Showing posts with label peter robb. Show all posts
Showing posts with label peter robb. Show all posts

Tuesday, February 09, 2010

MAFIA - THE VIEW FROM RAGUSA

Well, here is the post some of you have been awaiting for the past [almost] four years! Why have I got around to it now? Because a new commenter of mine, Andrew Scott, who has an interesting blog, asked me a few weeks ago whether it is true that Sicily is entirely controlled by the Mafia and I decided that he deserves an answer:

First of all, let me make it clear that I am talking about Sicilian Mafia here, not Calabrian 'Ndrangheta or Neopolitan Camorra. I cannot tell you that the Sicilian Mafia does not exist because of course it does. Nor can I tell you that it is not extremely nasty, for we all know that it is. I am no apologist for the organisation but I will say that there are criminal organisations in all countries. The trouble is that in Sicily every crime is attributed to the Mafia.

The Mafia differs from other crime associations in its "swearing in" and so-called "family" structure. But surely every nation's criminal organisations reflect or mock the society that allows them to flourish?

Does the Mafia impinge upon the everyday life of ordinary, hardworking Sicilians, then? Indirectly, in some areas of Sicily, probably yes, in that it can affect the type of politicians who gain power and thereby the kind of services the populations of certain comuni receive. But politicians in a number of countries not so far from Italy also have unorthodox ways of acquiring funding, power and influence.

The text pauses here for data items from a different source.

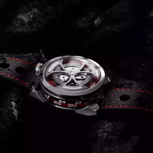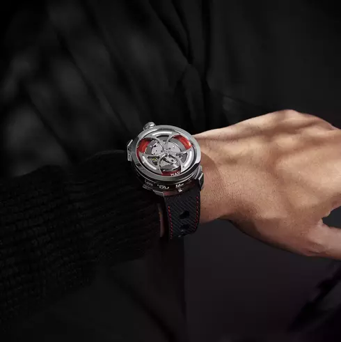 The M.A.D.1 RED is built on the same platform as the original M.A.D.1, with the same innovative case structure. It has the same lateral time display, featuring two rotating cylinders for the hours and minutes.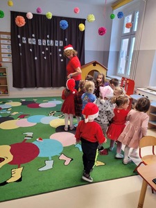 ,, 6 grudnia -jak dobrze wiecie, Święty Mikołaj chodzi świecie. Dźwiga swój worek niezmordowanie i każde dziecko prezent dostanie. A kiedy rozda już prezenty wraca do nieba uśmiechnięty....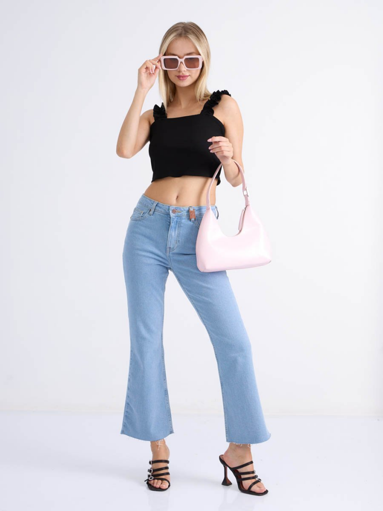 Женские джинсы с пятью карманами. Посадка Flare fit (полуоблегающие по бедру и расклешенные от колена), высокая талия, укороченной длины. Для улучшения посадки по талии сделан подкройной пояс из 2-х частей. Застежка на молнии. Выполнены из слабоэластичной ткани denim stretch. Классическая светлая стирка "stone wash"с отбеливанием.

Whilst we are talking politics, let us not forget just who helped reestablish the Mafia's power after World War II, for it wasn't the Sicilians and it wasn't the Italian government. Whether accidentally or not, the Allied liberators of Sicily handed the Mafia local power on a plate and this has been well documented.

In Midnight in Sicily, published in 1996, Peter Robb describes a Palermo which falls silent at night, its citizens just melting into the shadows, for

"Nobody wanted to be a witness. You might as well be the victim."

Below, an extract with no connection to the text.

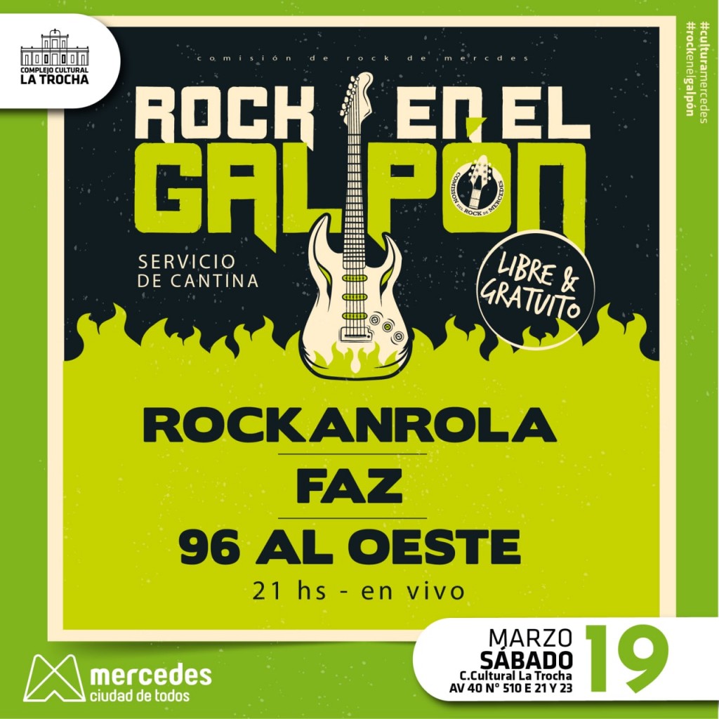 El ciclo “Rock en el Galpón” conformado por grupos de jóvenes mercedinos autogestionados y que impulsa el Municipio de Mercedes, vuelve en este 2022. Este sábado 19 de marzo en el Complejo Cultural La Trocha, a partir de las 21:00 horas, la ciudad podrá disfrutar de 3 bandas en vivo de manera libre y gratuita

Things are very different now, however, and Palermo is lively and happy at night, just like other Italian centres of art and culture. The Mafia was for a long time an attitude of mind, existing because it was allowed to, but this mentality is changing. These changes were prompted by two events above all others: the sickening murders of the anti-Mafia magistrates Giovanni Falcone and later Paolo Borsellino in 1992.

In 1997 the director Roberta Torre made Tano da Morire, a film which makes fun of the Mafia. Such a project in Italy would have been unthinkable during the previous decade. Confindustria, the Italian Employers' Federation, has threatened to expel members who pay the pizzo - the word comes from Arabic jizia - or protection money, to the Mafia and shops stocking only "pizzo free" goods have sprung up in cities like Catania. Small steps, you may think, but they are significant.

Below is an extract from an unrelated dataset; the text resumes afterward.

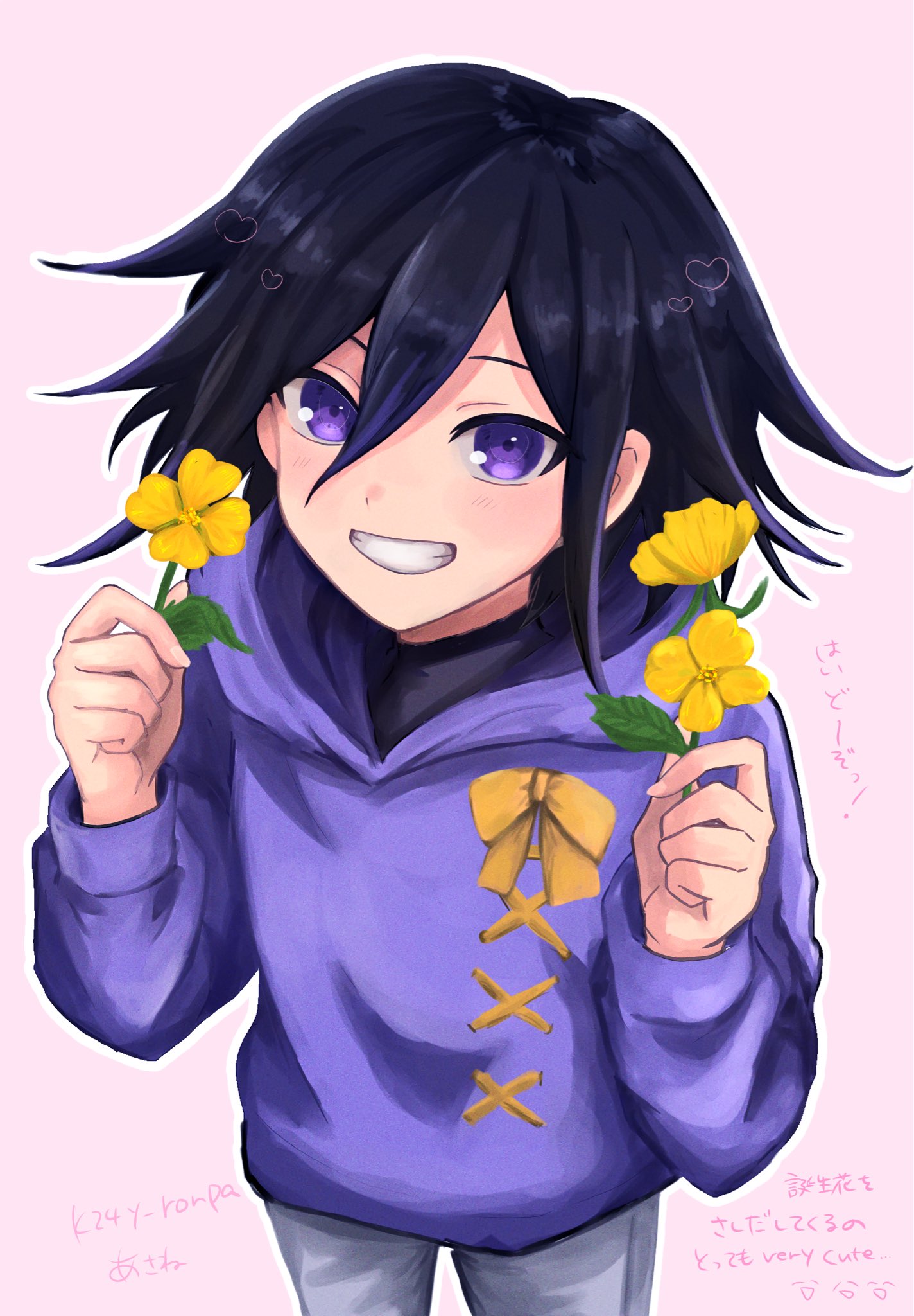 1boyalternate costumeblack hairblushcowboy shotcross-laced clothesflipped hairflowerfrom abovegrinhair between eyeshands upholdingholding flowerhoodhood downhoodiek24y ronpalong sleeveslooking at viewermale focusmedium hairoutlinepantspink backgroundpurple eyespurple hairpurple hoodiesimple backgroundsmilesoloteethwhite outlineyellow flower

Modica is in the Province of Ragusa, which is known as the safest in Sicily and it is said that no one pays the pizzo in this area. Indeed, there is said to be no Mafia activity at all in the Province. All I can tell you is that people live normal, happy, family lives here and that I have never felt threatened in any way.

Sicily is not the Mafia, any more than the London of the 1960s was the Kray brothers. The Mafia is entwined in the island's history, yet it is but a thread in a rich and complex tapestry.